Task to carry out. With pictures left out, retype the lines from the start of the records through the one that contains "麺、ほぐさないで、そのまま両".

Input material: Begin

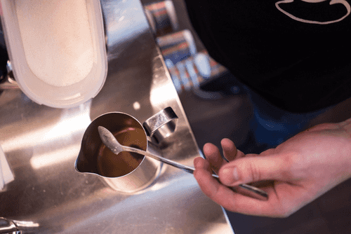 Взбить до образования однородной устойчивой пены. Перелить в подогретую чашку и подавать. В кофейнях кофе взбивают пароотводом. Дома же можно взбить обычным капучинатором на батарейках, в таком случае сливки должны быть подогреты.
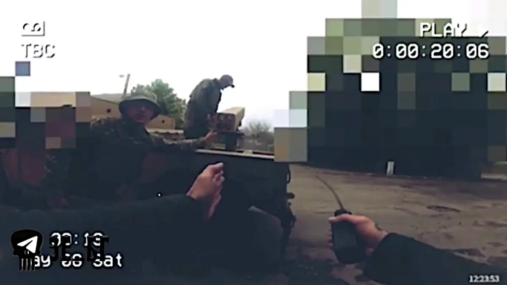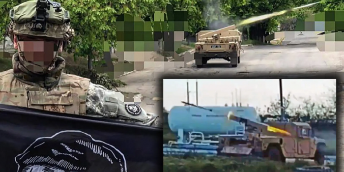 视频剪辑功能至少一个装甲M1152A1悍马装备一个阿诺德防御LAND-LGR4 four-shot发射器发射火箭被认为是先进的精密杀死火箭武器系统II (APKWS II)。剪辑功能的开始标志乌克兰新成立的第37分离海洋旅,据报道上个月开始使用第二APKWS火箭。
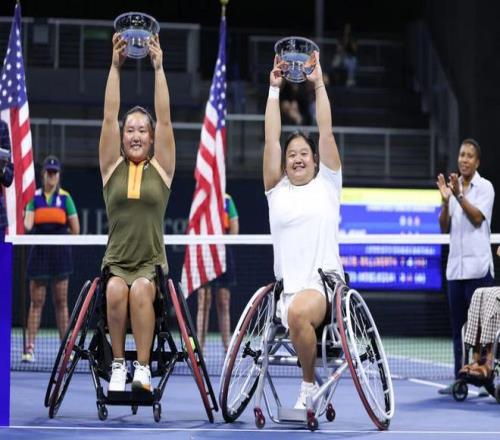 下午进行的轮椅女双决赛中,参赛的四位选手有三位是中国运动员(李晓辉、王紫莹、朱珍珍)。最终,李晓辉/王紫莹组合2比0(6比4、6比3)击败朱珍珍/上地结衣组合,成功卫冕轮椅女双冠军!
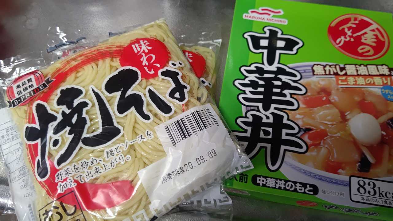 麺、ほぐさないで、そのまま両側に1パックごと。。。真ん中に中華丼のレトルトパック入れて。。。
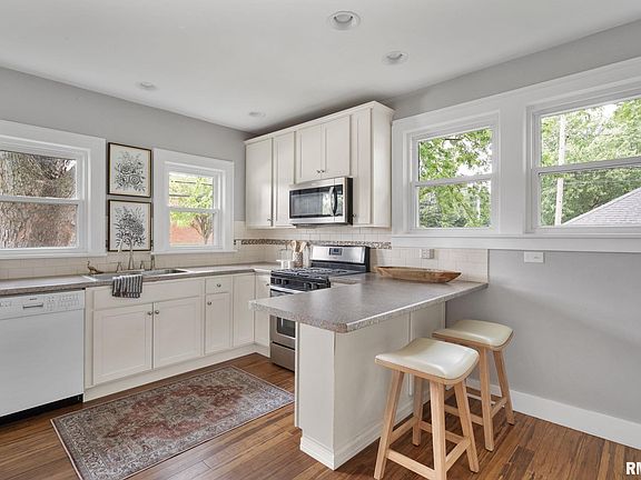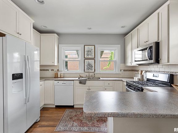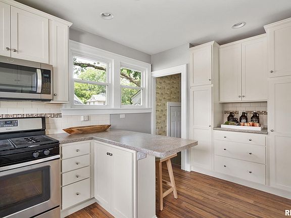 The perfect mix of modern updates & original charm! Beautiful hardwood floors, and trim. Large living room with wood burning fireplace. Remodeled kitchen with new cabinets, countertops, and backsplash. Formal dining room. Main level primary bedroom & updated full bathroom with nice tile shower. Two additional bedrooms with large closets upstairs, along with additional unfinished attic space. 1 car garage. Directly across from Saint Ambrose University, you will love the convenient location close to Vandeveer Park, shopping, and schools!
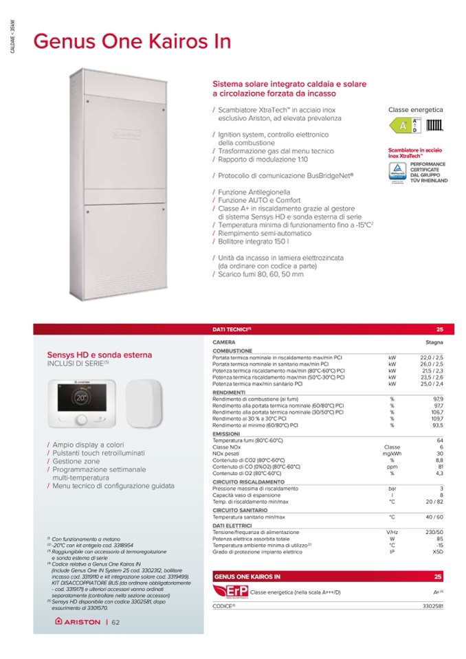 incasso cod. 3319110 e kit integrazione solare cod. 3319499).
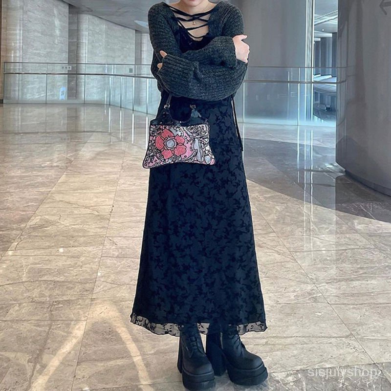 Detail [✅BISA COD] #Sisjuly# Gaun Y2K Wanita / Gaun Kamisol Bunga Jala / Gaun Midi Ramping Wanita

Input material: End

Response for this exercise.
 Взбить до образования однородной устойчивой пены. Перелить в подогретую чашку и подавать. В кофейнях кофе взбивают пароотводом. Дома же можно взбить обычным капучинатором на батарейках, в таком случае сливки должны быть подогреты.
 视频剪辑功能至少一个装甲M1152A1悍马装备一个阿诺德防御LAND-LGR4 four-shot发射器发射火箭被认为是先进的精密杀死火箭武器系统II (APKWS II)。剪辑功能的开始标志乌克兰新成立的第37分离海洋旅,据报道上个月开始使用第二APKWS火箭。
 下午进行的轮椅女双决赛中,参赛的四位选手有三位是中国运动员(李晓辉、王紫莹、朱珍珍)。最终,李晓辉/王紫莹组合2比0(6比4、6比3)击败朱珍珍/上地结衣组合,成功卫冕轮椅女双冠军!
 麺、ほぐさないで、そのまま両側に1パックごと。。。真ん中に中華丼のレトルトパック入れて。。。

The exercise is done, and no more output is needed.